Was sollte die internationale Gemeinschaft tun?

Seit drei Jahren gelingt es den Taliban, immer mehr Restriktionen durchzusetzen. Dass sie Frauen den Zugang zur Gesundheitsversorgung verwehren, kommt fast einem Todesurteil gleich. Aber die Taliban können immer noch ihre Herrenmannschaften zu großen Sportveranstaltungen schicken und ihre Delegationen zu den Vereinten Nationen. Glauben Sie, dass sie das dazu bringt, aufzuhören? Sechs Länder – Chile, Costa Rica, Frankreich, Luxemburg, Mexiko und Spanien – haben den Internationalen Strafgerichtshof gebeten, die Lage der Frauen in Afghanistan im Jahr 2024 zu untersuchen. Vier weitere – Australien, Kanada, Deutschland und die Niederlande – wollen die Taliban vor den Internationalen Gerichtshof bringen, wegen Verstoßes gegen die UN-Konvention zur Beseitigung jeder Form von Diskriminierung der Frau (CEDAW). Afghanische und internationale Frauenrechtsorganisationen haben sich zusammengetan und fordern, dass Geschlechterapartheid als Verbrechen gegen die Menschlichkeit kodifiziert wird. Aber all das reicht nicht aus. Schauen Sie, seit mehr als drei Jahren dürfen Mädchen nach der sechsten Klasse dort nicht mehr zur Schule gehen!

Auffällig an der Frauenrechtsbewegung ist, dass sich Aktivist*innen weltweit immer mehr zusammenschließen und kooperieren. Können Sie uns Beispiele nennen?

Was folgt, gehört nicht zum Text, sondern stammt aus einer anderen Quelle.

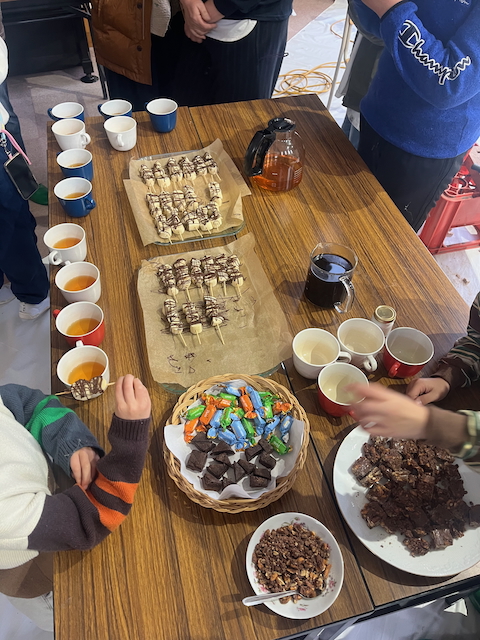 2月14日 バレンタインの日、卒業生の兄さんたちの差し入れチョコも加わり、いろんなチョコおやつを楽しみました!

Sie kennen vielleicht das Lied aus Chile „Un violador en tu camino“, ein Vergewaltiger auf deinem Weg. Es wurde 2019 von einem feministischen Kollektiv geschrieben und ging viral. Frauen auf der ganzen Welt haben den Text übersetzt, die Choreografie aufgeführt und ihre Videos online geteilt – von Iran über die Türkei und Israel bis hin zu verschiedenen Orten in Europa und Lateinamerika. Stellen Sie sich das vor: Iranische Frauen singen das chilenische Widerstandslied „The People United“ („El pueblo unido, jamás será vencido“) auf Farsi an einer iranischen Universität! Die Technologie hat die Süd-Süd-Zusammenarbeit erheblich erleichtert, und die Frauenrechtsbewegung ist sehr gut vernetzt. Alle vier Jahre organisiert das AWID International Forum eine Konferenz für Aktivist*innen für Geschlechtergerechtigkeit, bei der alle zusammenkommen: Frauen aus Afghanistan und Iran, Organisationen für Hausangestellte und Sexarbeiter*innen, Abtreibungsrechtsaktivist*innen. All diese kleinen Organisationen in verschiedenen Ländern bewegen wirklich unheimlich viel.

Macarena Sáez leitet die Women’s Rights Division von Human Rights Watch.